Industry: Palm_Oil | Process: Palm_Oil_Mill_Effluent_(POME)_Treatment
Fresh palm oil mill effluent (POME) is ~95–96% water and ~4–5% total solids, including 2–4% suspended lignocellulosic debris (researchgate.net). Typical raw POME chemical oxygen demand (COD, a measure of oxidizable organics) runs 30,000–50,000 mg/L and biochemical oxygen demand (BOD, oxygen used by microbes) 25,000–30,000 mg/L, with total nitrogen (TN) ~750 mg/L and ammoniacal nitrogen (NH₃‑N/NH₄‑N) ~120–220 mg/L (scialert.net).

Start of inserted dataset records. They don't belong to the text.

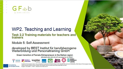 Modül , güneş, rüzgâr, hidroelektrik, jeotermal, biyoenerji ve okyanus enerjisi gibi yenilenebilir enerji türlerini tanıtarak bunların çevre dostu özelliklerini, avantajlarını ve sınırlamalarını açıklar. Kadın girişimciliğinin yeşil dönüşümdeki rolünü öne çıkaran modül, Balkan ülkelerindeki uygulamalardan örneklerle bu süreci somutlaştırır. Ayrıca katılımcılara yenilenebilir enerji kaynaklarını iş modellerine entegre etme, çevresel etkileri değerlendirme ve döngüsel ekonomi ilkeleriyle sürdürülebilir çözümler üretme konusunda farkındalık kazandırmayı amaçlar
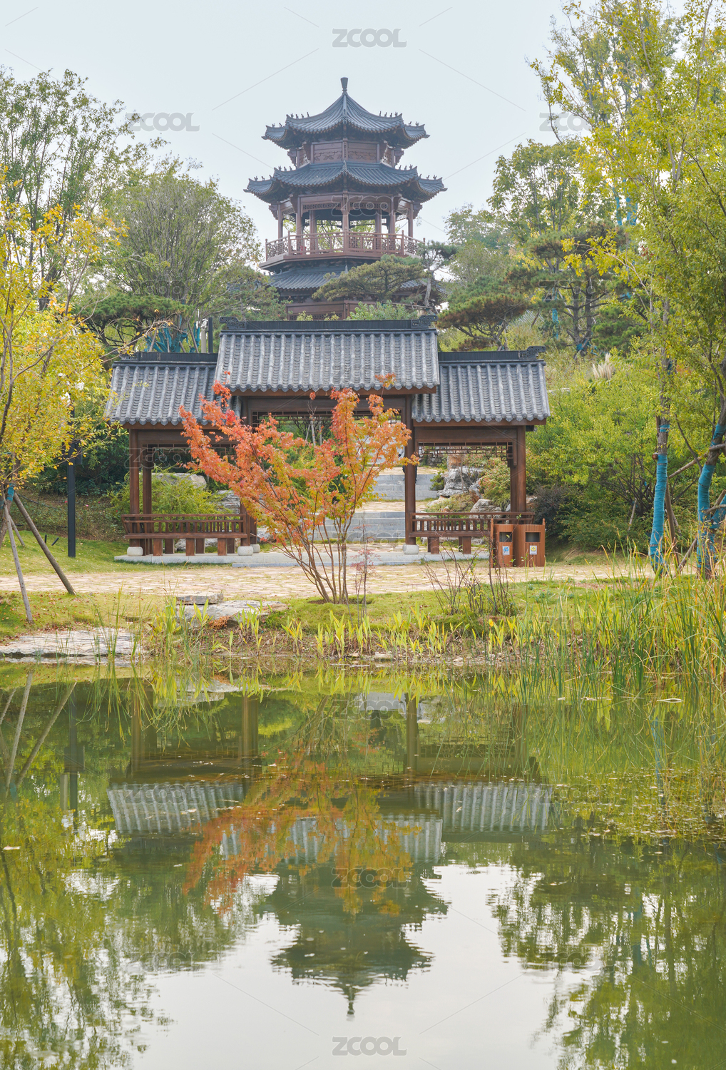 河南南阳卧龙岗文化园景区飞龙潭石亭桥秋色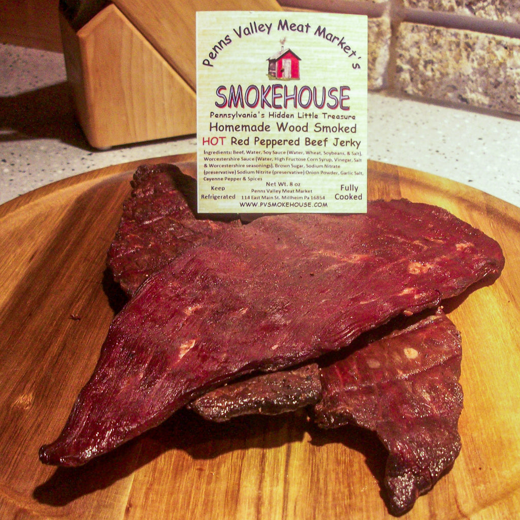 "Hot" Red Pepper Jerky… We started with our plain base and sprinkle cayenne pepper onto each and every piece before we smoke it. Since we are human and some days the pepper wants to come out of the container faster than we prefer, you may have a piece or two that has lots of hot pepper on it and some with just the right amount.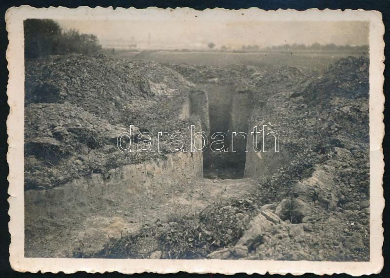 Leírás: 1940 Erdélyi bevonulás, "oláh" harci árok, hátoldalon feliratozott fotó, 6×9 cm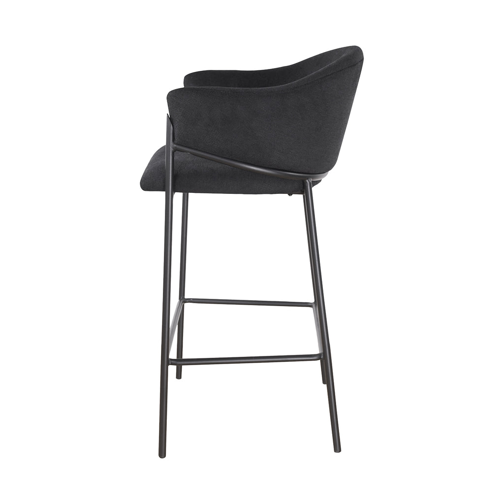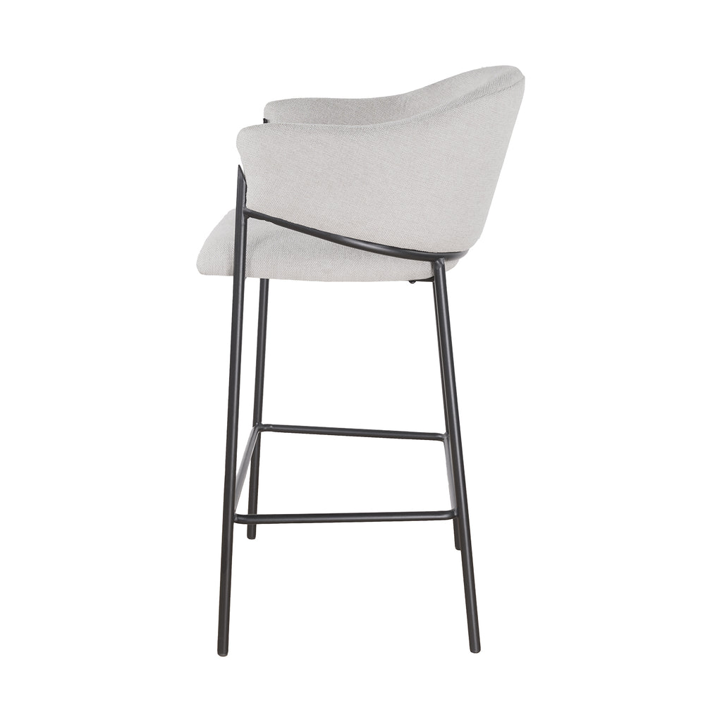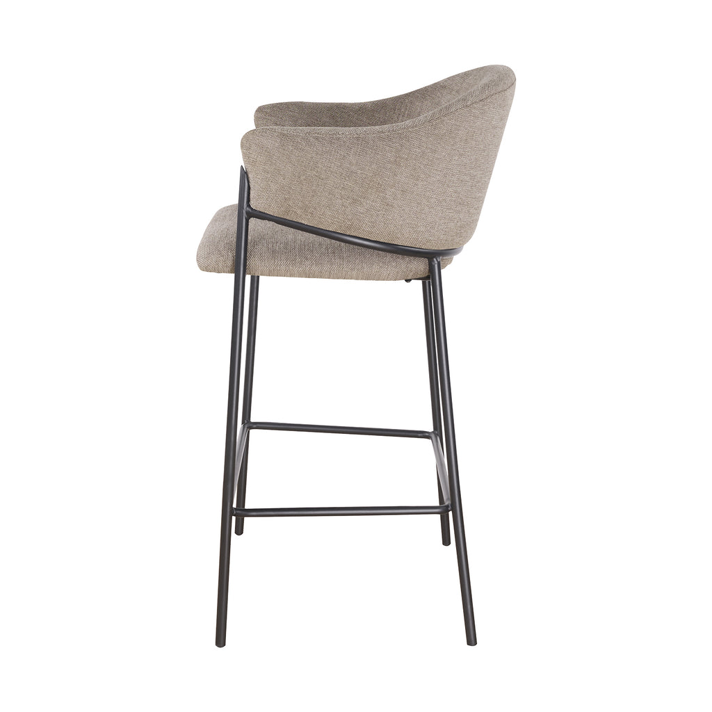 El asiento tapizado ofrece una textura suave y confortable, ideal para disfrutar de momentos largos en la barra o la cocina. Su diseño estilizado alarga visualmente el espacio, aportando equilibrio entre estética y funcionalidad.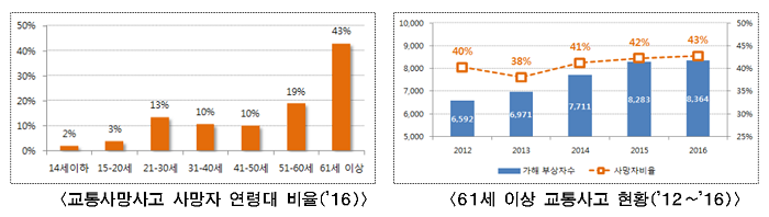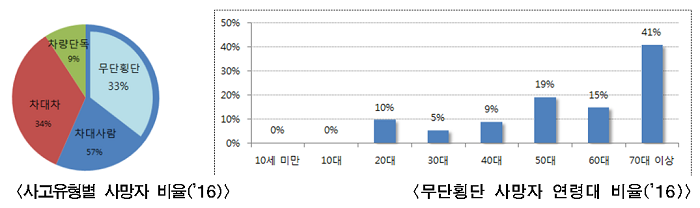 <교통사망사고 사망자 연령대 비율(’16)> <61세 이상 교통사고 현황(’12~’16)> 어르신의 경우에는 시력, 청력이 저하되고 인지 반응속도가 본인 생각보다 낮은 경우가 많아 안전운전에 특별히 유의해야 한다. 교통사망사고자의 57%가 보행자였고 교통사망사고 중 33%가 무단횡단으로 발생했다. 무단횡단 사망자의 경우에도 60대 이상 고령자가 56%에 달하는 만큼 어르신 보행자의 법규준수가 절실한 것으로 나타났다. 사망자는 차대 사람 사고 57%, 차대 차 34%, 차량 단독 9% 순이고 무단횡단 보행자사망자 중에서도 60대 이상 어르신 사망자 비율이 56%에 달하며 어르신의 경우에는 작은 충격도 치명적일 수 있기 때문에 무단횡단을 하지 않도록 본인과 주변 분들의 각별한 관심이 필요하다.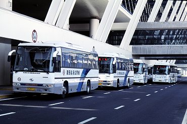 | 空港バスはいろいろな行先があります。(2000年4月17日 浦東空港) 2026年2月記 |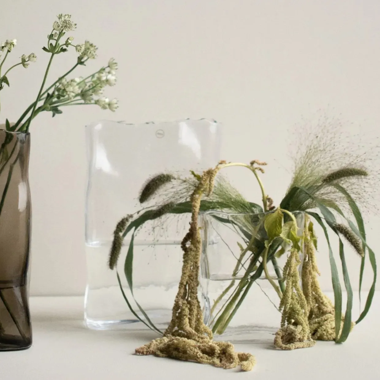 Meadow vas H18 cm från DBKD är tillverkad i glas med en oregelbunden, avlång form och en något ojämn överkant, vilket ger den en oregelbunden känsla. Perfekt som vas eller kruka för mindre fönsterbrädor.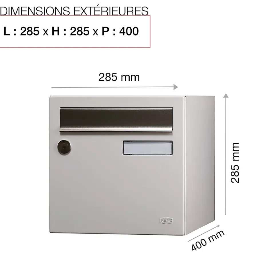 Produit sur-mesure : ce produit spécial est fabriqué à la commande. Boite aux lettres normalisée 2 portes Renz Allure, design épuré. Permet de recevoir jusqu’à 45% des colis du e-commerce. Boitier avec gouttière hydrofuge, porte recouvrante équipée d’un volet en inox structuré amorti pour un meilleur confort acoustique, et d’un porte-nom affleurant en polycarbonate. Serrure normalisée avec 2 clés. Plancher ergonomique pour un retrait facile du courrier. Peinture poudre polyester sans plomb. Garantie anti-corrosion de 15 ans. Anti-vandale grade 3, résistant jusqu’à 60 kg d’arrachement. Certifiée loi handicap. Dimensions : 285x285x400mm.Apportez une touche d’élégance devant votre maison : optez pour la boite aux lettres Allure 2 portes, au design épuré et moderne. Allure est dotée d’un volet en inox structuré et amorti, qui permet d’offrir un bon confort acoustique. Le modèle 2 portes d’Allure possède une ouverture à l’avant ainsi qu’à l’arrière. Cela permet de récupérer son courrier et ses colis depuis l’intérieur de sa résidence, si la boite est encastrée dans un mur par exemple. Sa gouttière hydrofuge permet de protéger efficacement votre courrier et vos colis même en cas de fortes pluies. Normalisée, la boite aux lettres Allure permet de réceptionner jusqu’à 45% des colis issus du e-commerce, directement chez vous. Elle dispose également d’un plancher ergonomique pour faciliter le retrait du courrier.Photos non contractuelles, se référer au RAL pour le coloris.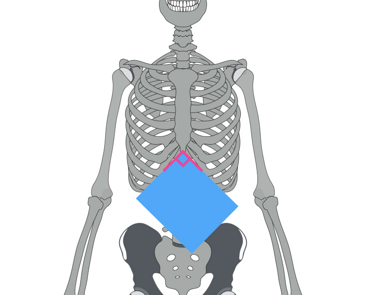 90度以上の方は肋骨が外にひらいてしまっています。外にひらいているとウエストが太くなってしまいます。ここの部分を元に戻してあげることによりウエストを細くすることができます。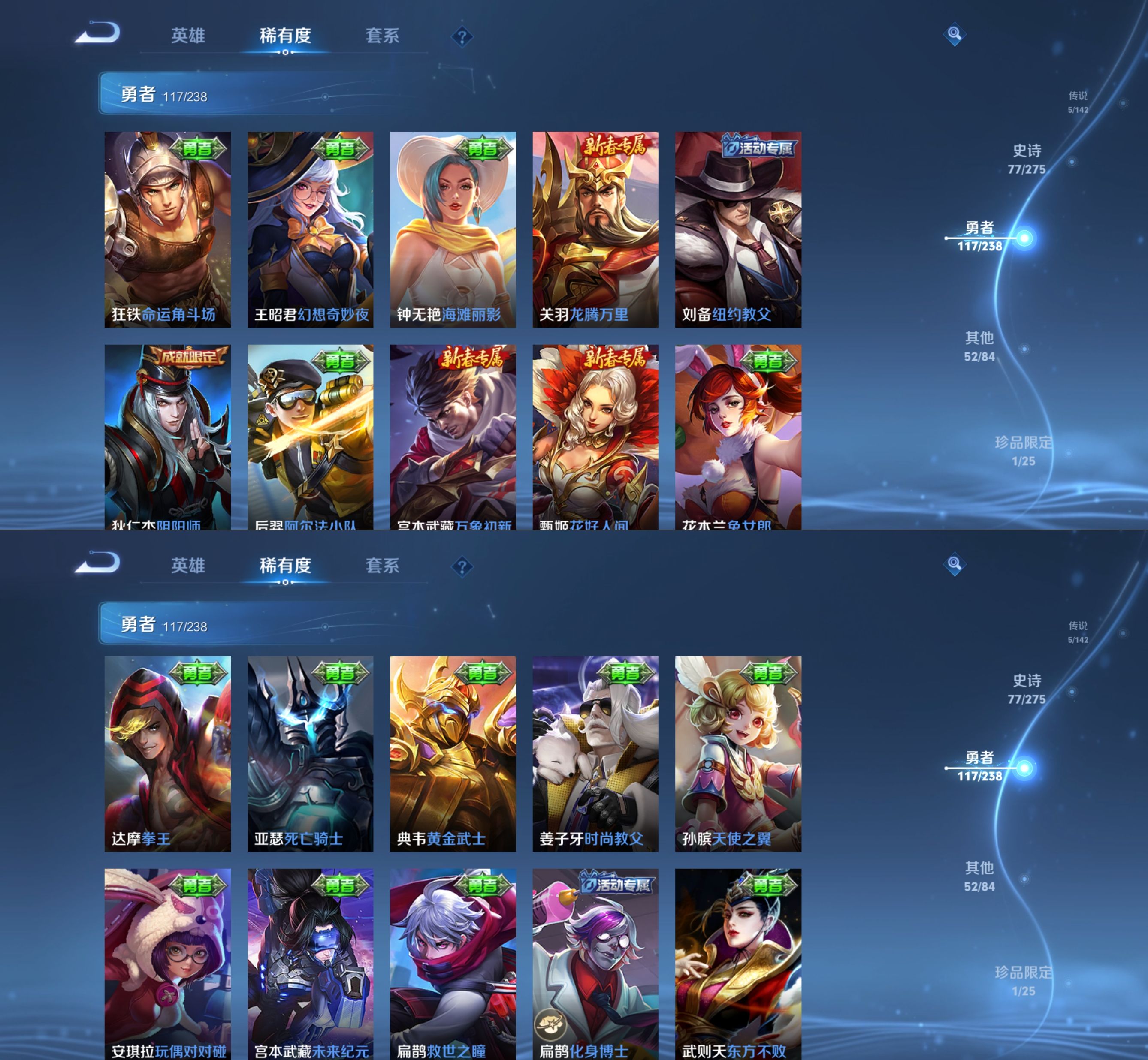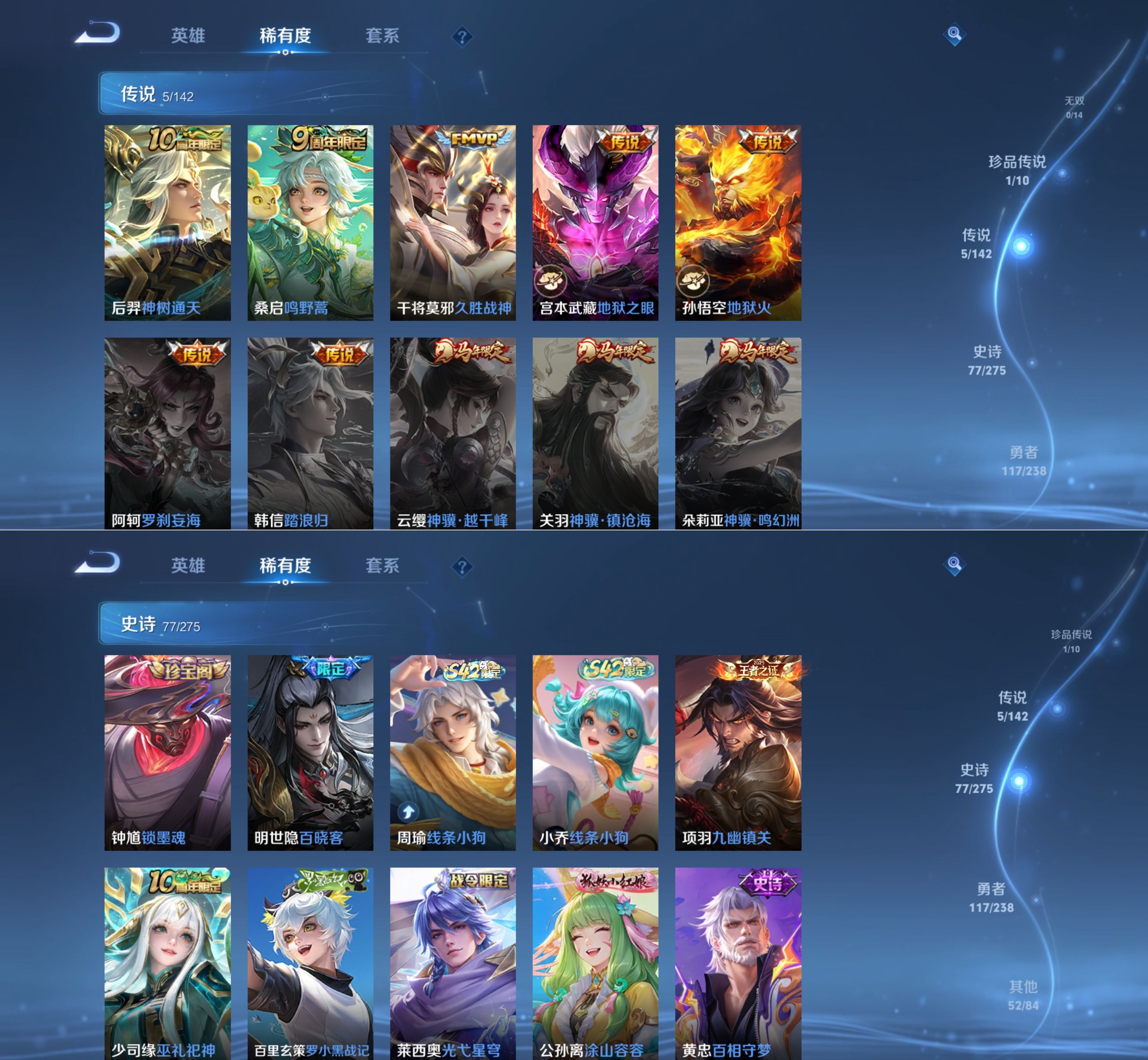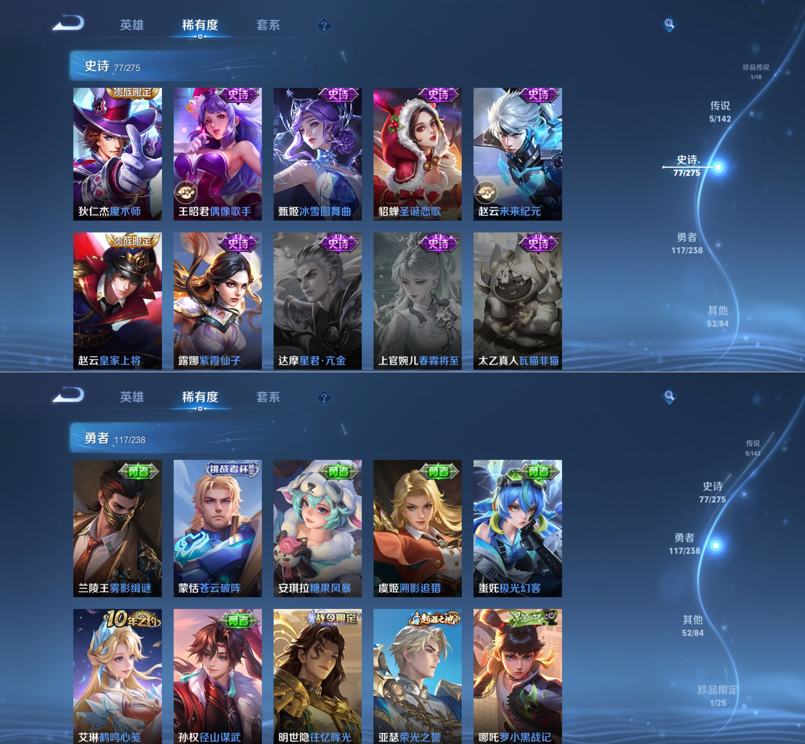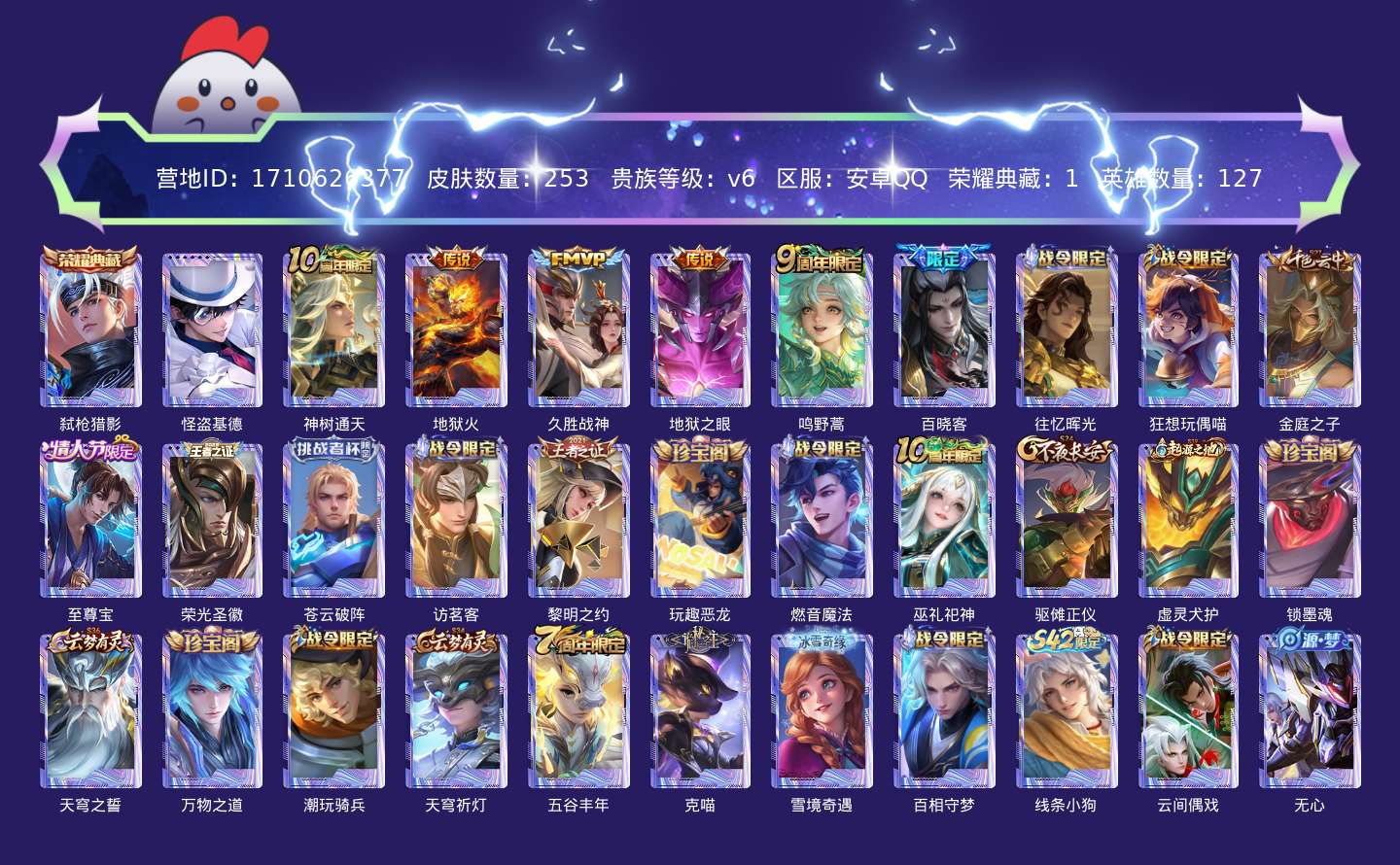 贵族等级:v6皮肤数:253传说品质5 情人节限定1 珍品传说1 荣耀典藏1 英雄数:127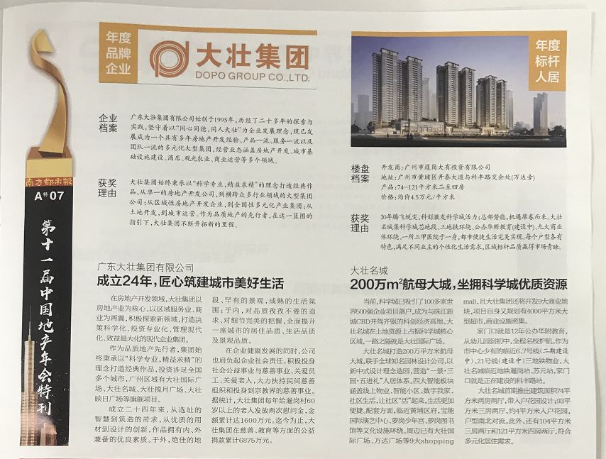 榮耀時刻!大壯集團獲2019年度品牌企業大獎,大壯名城連獲數項大獎

One tonne of crude palm oil (CPO) produces ~2.5–3.5 m³ POME and carries ≈750 mg/L TN and 220–120 mg/L NH₃‑N (scialert.net). That translates to roughly 2–3 kg N and ~0.4 kg P per ton CPO in the effluent. Conventional ponding removes most organics but often leaves nutrients behind; in Malaysia, final discharge from common pond systems has been reported at BOD ~60–500 mg/L and total suspended solids (TSS) ~100–200 mg/L, with ammonium above ecosystem limits (no Malaysian standard for NH₃ is met; for reference, Malaysia’s Class A limit is 10 mg/L NH₄‑N) (pmc.ncbi.nlm.nih.gov).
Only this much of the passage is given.